Question

How do you form a polynomial $f\left( x \right)$ with real coefficients having a given degree and zeros? Degree $4$ ; zeros $- 5 + 2i$ ; $3$ multiplicity $2$ . How do you form a polynomial $f\left( x \right)$ with real coefficients having a given degree and zeros? Degree $5$ ; zeros: $- 4; - i; - 3 + i$

Answer 1

In this problem we are asked to form the polynomial with real coefficients having given degree and zeros.
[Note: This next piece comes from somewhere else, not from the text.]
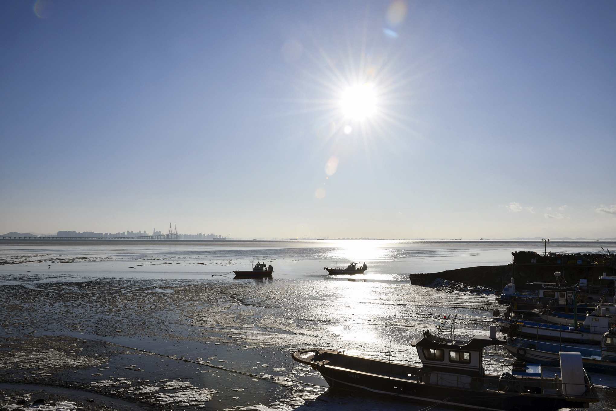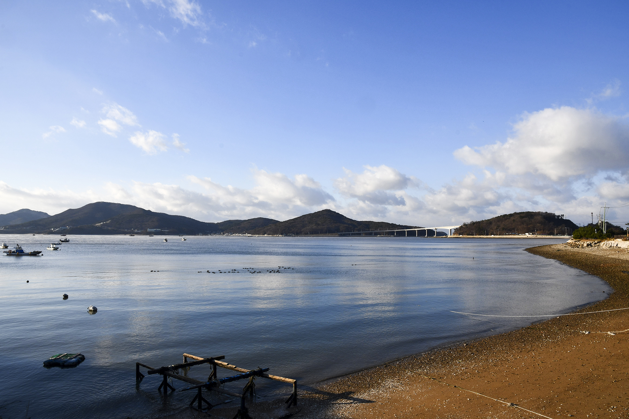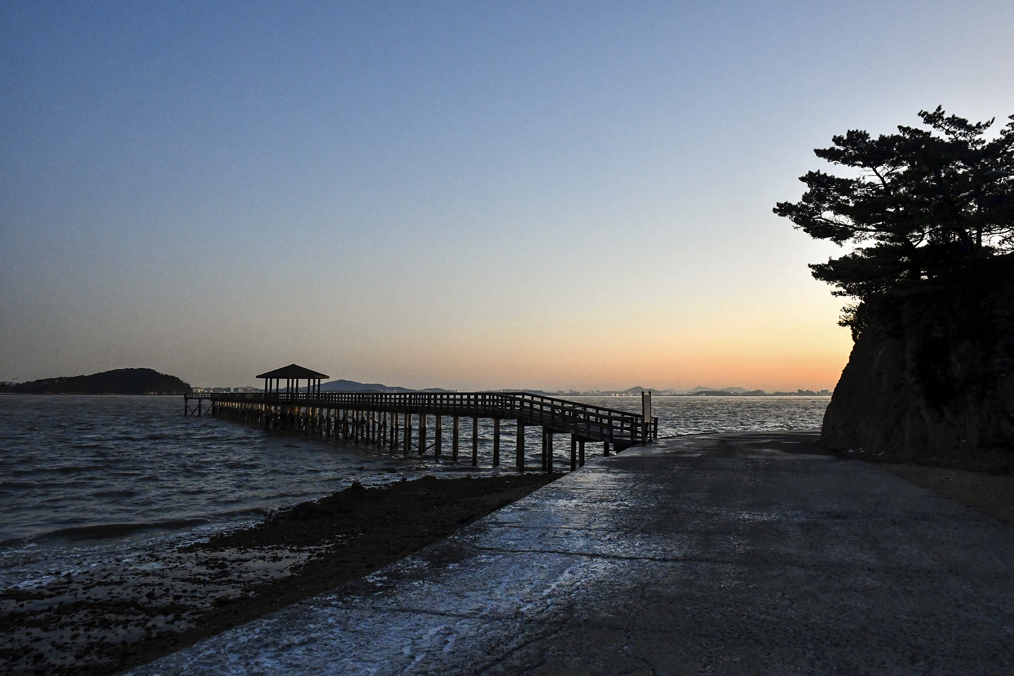 해안방조제를 따라 더 뒤로 물러나 선착장과 전망데크를 함께 담아보자.

Also we have given two zeros with the multiplicity of some integer. And we have asked to form another polynomial with degree $5$ and with the use of given zeros. So we need to find two polynomials $f\left( x \right)$ .

Complete Step by Step Solution:
$1)$ We have to find the polynomial $f\left( x \right)$ with real coefficients having degree $4$ and zeros $- 5 + 2i$ ; $3$ multiplicity $2$ .
$\Rightarrow x = - 5 + 2i,x = - 5 - 2i,x = 3,x = 3$ , since our degree is $4$ so there are four zeros.
Now, $f\left( x \right) = \left( {x + 5 - 2i} \right)\left( {x + 5 + 2i} \right){\left( {x - 3} \right)^2}$
Now let’s write our $f\left( x \right)$ as the multiple of two terms $A,B$ , where $A = \left( {x + 5 - 2i} \right)\left( {x + 5 + 2i} \right)$ and $B = {\left( {x - 3} \right)^2}$
$\therefore f\left( x \right) = A.B - - - - - \left( 1 \right)$
Let us expand $A$ and $B$ using distributive property and ${\left( {a - b} \right)^2}$ formula, we get
$A = {x^2} + 5x + 2ix + 5x + 25 + 10i - 2ix - 10i - 4{i^2}$ , but we know that ${i^2} = - 1$
Substitute ${i^2} = - 1$ in the expansion of $A$ , we get
$A = {x^2} + 10x + 29$
Expanding $B$ implies,
$B = {x^2} - 6x + 9$
Substitute the value of $A,B$ in the equation (1), we get
$f\left( x \right) = \left( {{x^2} + 10x + 29} \right)\left( {{x^2} - 6x + 9} \right)$
Using distributive property, we get
$f\left( x \right) = {x^4} - 6{x^3} + 9{x^2} + 10{x^3} - 60{x^2} + 90x + 29{x^2} - 174x + 261$ , simplifying the terms we get,
$f\left( x \right) = {x^4} + 4{x^3} - 22{x^2} - 84x + 261$ , this is the polynomial with degree four.
$2)$ We have to find the polynomial $f\left( x \right)$ with real coefficients having degree $5$ and zeros $- 4; - i; - 3 + i$ .
$\Rightarrow x = - 4,x = \pm i,x = - 3 \pm i$ , since we are having degree $5$ .
Now, $f\left( x \right) = \left( {x + 4} \right)\left( {x - i} \right)\left( {x + i} \right)\left( {x + 3 - i} \right)\left( {x + 3 + i} \right)$
Multiplying second term and third term together and multiplying fourth term and fifth term together, we get
$f\left( x \right) = \left( {x + 4} \right)\left( {{x^2} + 1} \right)\left( {{x^2} + 6x + 10} \right)$
Now, using distributive property, we have

$f\left( x \right) = {x^5} + 10{x^4} + 3{x^3} + 50{x^2} + 34x + 40$ , this is the polynomial with degree $5$ .

Note: If there are two brackets, then apply distributive property. While applying distribution property we need to be careful about the multiplication. Here we have given complex numbers in some zeros, so when multiplying two complex numbers we have to be clear about the imaginary part. Product of two imaginary parts adds a negative sign to the result.